Protective Kirschner Wire Fixation to Reduce the Effect of Lateral Hinge Fracture During the Medial Opening Wedge Low Tibial Osteotomy: A Technical Note

Low tibial osteotomy (LTO) with a medial opening wedge is a useful and proven joint salvage procedure to realign ankle joint with correction of the varus deformity and redistribute weight bearing on the ankle for varus tilted ankle arthritis.

A lateral hinge fracture of the LTO is defined as a fracture, and disruption of the lateral cortex occurs during the medial opening process of the LTO because the lateral cortex acts as a fulcrum with the osteotomy site opening. Compared with numerous previous studies focusing on the lateral hinge fracture associated with medial opening wedge high tibial osteotomy (HTO),1–3 a hinge fracture during LTO has not yet been widely discussed. However, in our clinical experience, hinge fracture during LTO was inevitable as the degree of medial opening increased compared with that of HTO. Moreover, a hinge fracture could distract the distal fragment simultaneously with the medial opening process, resulting in the osteotomy site widening rather than valgization of the distal fragment (Fig. 1).

F1FIGURE 1:

A lateral hinge fracture during the low tibial osteotomy. A hinge fracture during low tibial osteotomy can distract the distal fragment with the medial opening process, resulting in the osteotomy site widening rather than valgization of the distal fragment.

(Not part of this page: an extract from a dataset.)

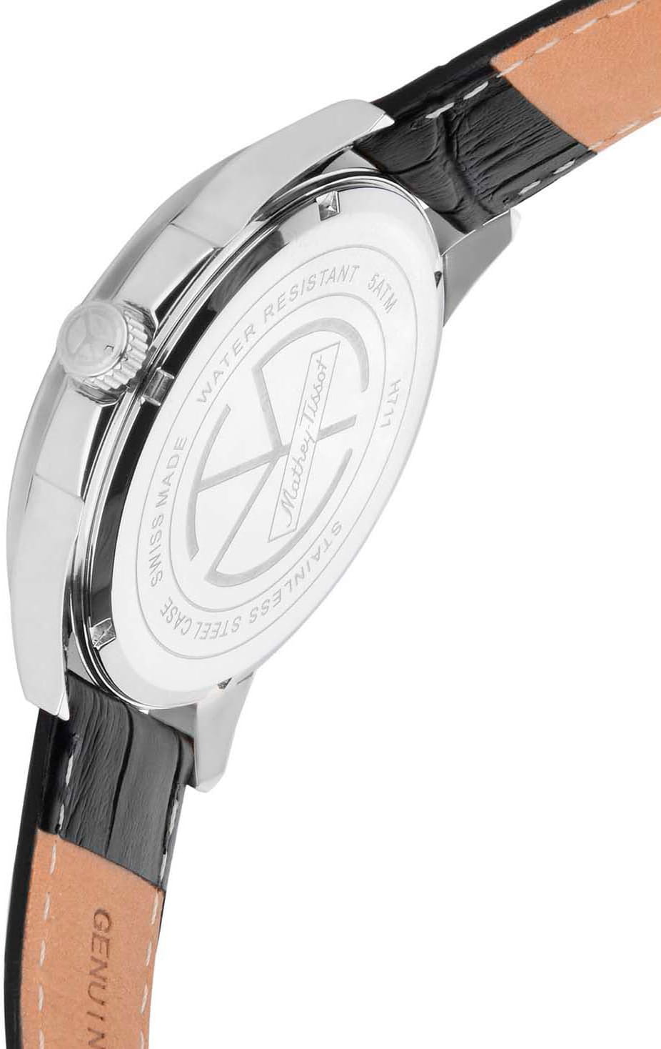 Мужские кварцевые часы Mathey-Tissot Mondo H711AN — это стильное сочетание элегантности и современного дизайна. Изящный корпус выполнен из нержавеющей стали, диаметром 42 мм, что придаст образу элегантности и надежности. Изысканный циферблат с метками в виде штрихов придает модели особый блеск. Циферблат защищен минеральным стекломМинеральное стеклоМинеральное стекло представляет собой искусственно выращенный минерал кварца. Такое стекло отличается особой устойчивостью к повреждениям и царапинам. Уступает по некоторым качествам сапфировому стеклу., обеспечивает устойчивость к царапинам. Стрелки с люминесцентным покрытиемЛюминесцентное покрытиеПозволяет считывать показания времени в темноте. Производители наносят на стрелки, часовые индексы, безель или поверхность циферблата светонакопительный состав, дающий холодное свечение.. Окошко даты находится в положении 4 часа. Рифленая заводная головка. Часы оснащены надежным кварцевым механизмом. Кожаный ремешок на стандартной застёжке гарантирует комфортное и безопасное ношение. Класс водозащиты: 50 метров позволит защитить корпус от случайных брызг или капель дождя. Mathey-Tissot — отличный выбор для тех, кто ценит утонченность и качество.

Therefore, here, we present a simple but effective technical tip to prevent hinge fractures or inhibit further displacement when a lateral hinge fracture occurs during LTO. This study was conducted after the principles of the Declaration of Helsinki. Furthermore, written informed consent was obtained from all enrolled patients. The Inje University Ilsan Paik Hospital ethics review committee approved this study.

TECHNIQUE

Under general or spinal anesthesia, a pneumatic tourniquet on the distal thigh was inflated with the patient in the supine position. An open or arthroscopic examination of the medial ankle joint with synovectomy was conducted. During an open examination, multiple drillings were performed on the cartilage-denuded medial talar dome or medial gutter, whereas the microfracture procedure was performed through the arthroscopic approach. Subsequently, a 4 to 5 cm longitudinal incision was made on the medial supramalleolar area at the osteotomy site, starting 5 cm proximal to the joint line. A 1.6 mm Kirschner wire (K-wire) was fixed from the medial to the lateral aspects along the imaginary oblique osteotomy line under fluoroscopy. The osteotomy line ended toward the proximal 1/3 of the syndesmosis (proximal syndesmotic tibial osteotomy). Next, we estimated the hinge point when a medial osteotomy site was opened (Fig. 2). After a 2 cm vertical incision accompanied by soft tissue dissection at the estimated hinge point, a 1.6 mm K-wire was inserted from 1 cm proximal to the estimated hinge point, traversing distally across the hinge point until reaching the subchondral bone of the tibial plafond. The angle between this K-wire and the anterior tibial surface ranged from 30 to 40 degrees. To enhance the fixation stability, the adoption of bi-cortical K-wire fixation could be contemplated, wherein a more vertically oriented trajectory towards the anterior cortex of the tibia is used to engage and secure the posterior cortex of the tibia.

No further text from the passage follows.